El historietista habló de su última obra ‘Solo seis’, de su trayectoria y de la evolución del cómic en Canarias en los últimos tiempos.
Eduardo González vuelve a la carga este año con un nuevo cómic: Solo seis. La historia de Salimata Sangare. La obra, publicada por Ediciones Idea y la Fundación Cine+Cómics, es una adaptación del libro de reportajes Héroes de Ébano del periodista Juan Manuel Pardellas, en la que se trata la llegada de un barco de personas inmigrantes a las costas de Canarias desde África en abril de 2003. Solo seis personas sobrevivieron el trayecto, de ahí el título del cómic. Recientemente, González fue entrevistado sobre este tebeo y su trayectoria por el periodista italiano Thomas Villa. La entrevista fue publicada por Tebeosfera en el último número de su revista, el 30 de la tercera época.
González explicó que la obra fue una propuesta del presidente de la Fundación Cine+Cómics, Francisco Pomares, siendo la cuarta adaptación literaria que realiza tras Mararía, La pistola que Millán Astray le regaló a mi abuelo y La Lapa, textos de autoría canaria. Sin embargo, a diferencia de todos ellos —excepto La pistola que Millán Astray le regaló a mi abuelo—, Héroes de Ebano era una historia real.
El hecho de que se tratase de un texto periodístico supuso un doble reto para el historietista. Por un lado, tenía una responsabilidad añadida hacia las personas que estaba representando, varias de ellas aún vivas a día de hoy. Además, estaba el hecho de que era una serie de reportajes y no un texto literario.
En su obra, González intentó mantenerse lo más fiel posible al libro de Pardellas, como ya había hecho en las otras adaptaciones que había realizado. Sin embargo, confesó profundizar más en la relación entre Salimata Sangare y su mejor amiga, que en el texto original es una parte muy escueta, pero sin inventar nada.

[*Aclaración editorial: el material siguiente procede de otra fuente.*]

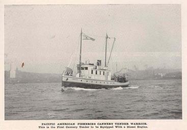 | Keywords: FMIB 44769 Pacific American Fisheries Cannery Tender Warrior This is the first cannery tender to be equipped with a diesel engine.jpeg Pacific American Fisheries Cannery Tender Warrior This is the first cannery tender to be equipped with a diesel engine Subject Warrior Boat Fishing boats Tag Vessels 1915 Cite book Pacific American Fisheries Cannery Tender Warrior This is the first cannery tender to be equipped with a diesel engine Seattle WA 1915 Pacific Fisherman Year Book 1915 23 author PD-UWASH-FMIB Institution University of Washington FMIB-source accession number 44769 Images from the Freshwater and Marine Image Bank to check Warrior ship 1914 |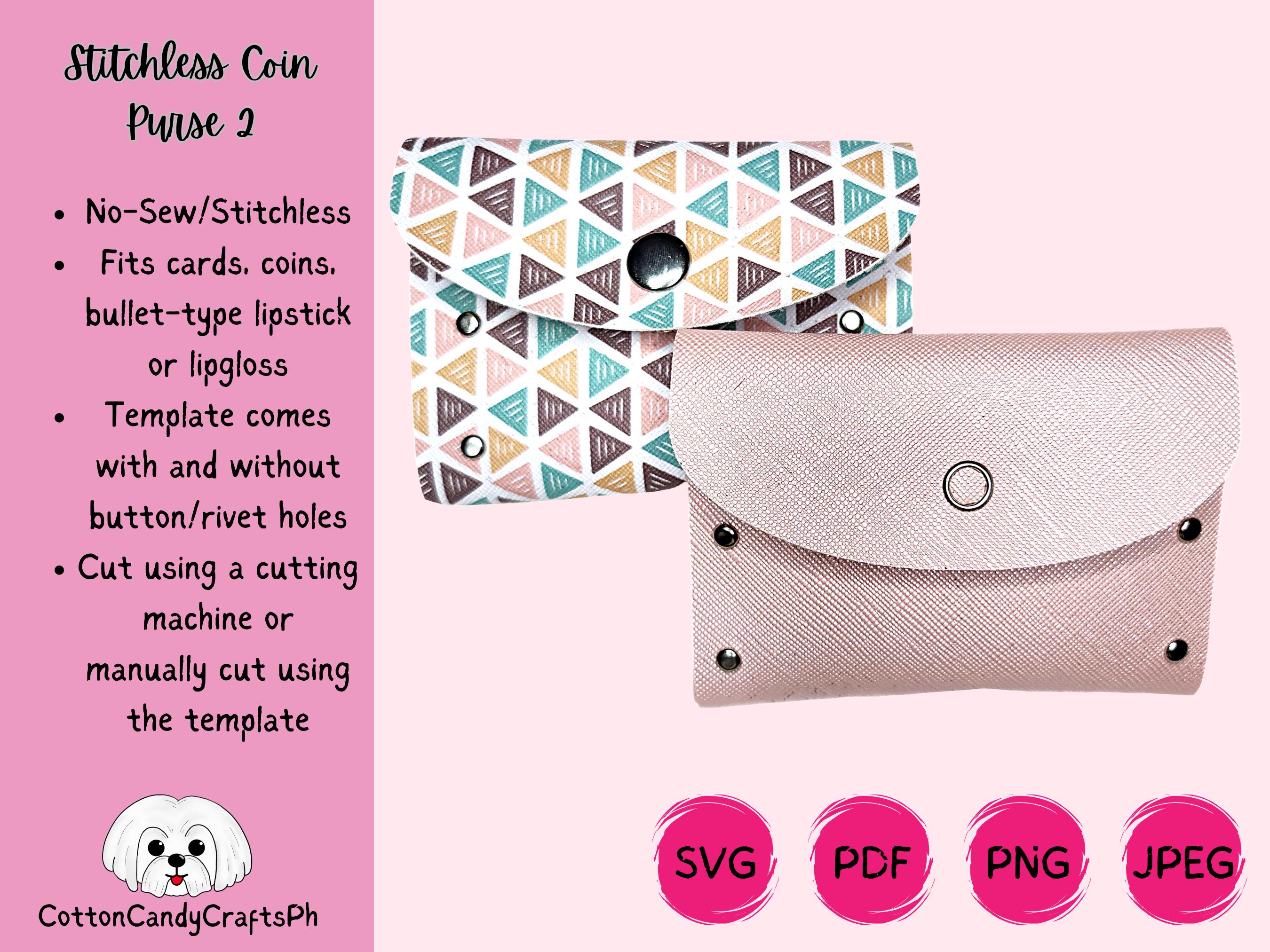 No-Sew Coin Purse | Stitchless Coin Purse SVG Template | No-Sew Card Wallet Template | Faux Leather ...

Por otro lado, González habló del apartado artístico de Solo Seis. Aunque la obra es en blanco y negro, en algunas ocasiones aparece el uso del color, algo que le sugirió Pomares. Él se decantó por el rojo para representar el mar cuando los personajes están atrapados. Su objetivo era transmitir al lector una sensación de peligro y representar el mar como una mancha de sangre.
A lo largo de la entrevista, el historietista también abordó su trayectoria y los cambios que ha sufrido el cómic canario en los últimos treinta años. Recordó que la insularidad siempre fue un gran problema a la hora de trabajar en la industria, ya que dificultaba el contacto con las editoriales. Por ello, agradeció el impulso que la Fundación le ha dado a la historieta en las islas, publicando a autores locales y noveles junto con Ediciones Idea, recuperando el Salón Internacional del Cómic y la Ilustración de Tenerife y abriendo nuevos espacios dedicados al Noveno Arte, como su sede o la Casa de la Historieta Manuel Darias, entre otras acciones.
Asimismo, abordó sus próximos proyectos, la mayoría con guionistas o adaptaciones literarias. Reveló que, entre todos ellos, hay uno personal, una recopilación de historias cortas similar a la que hizo en Dentro de la noche, obra publicada a nivel nacional por Astiberri en el año 2011.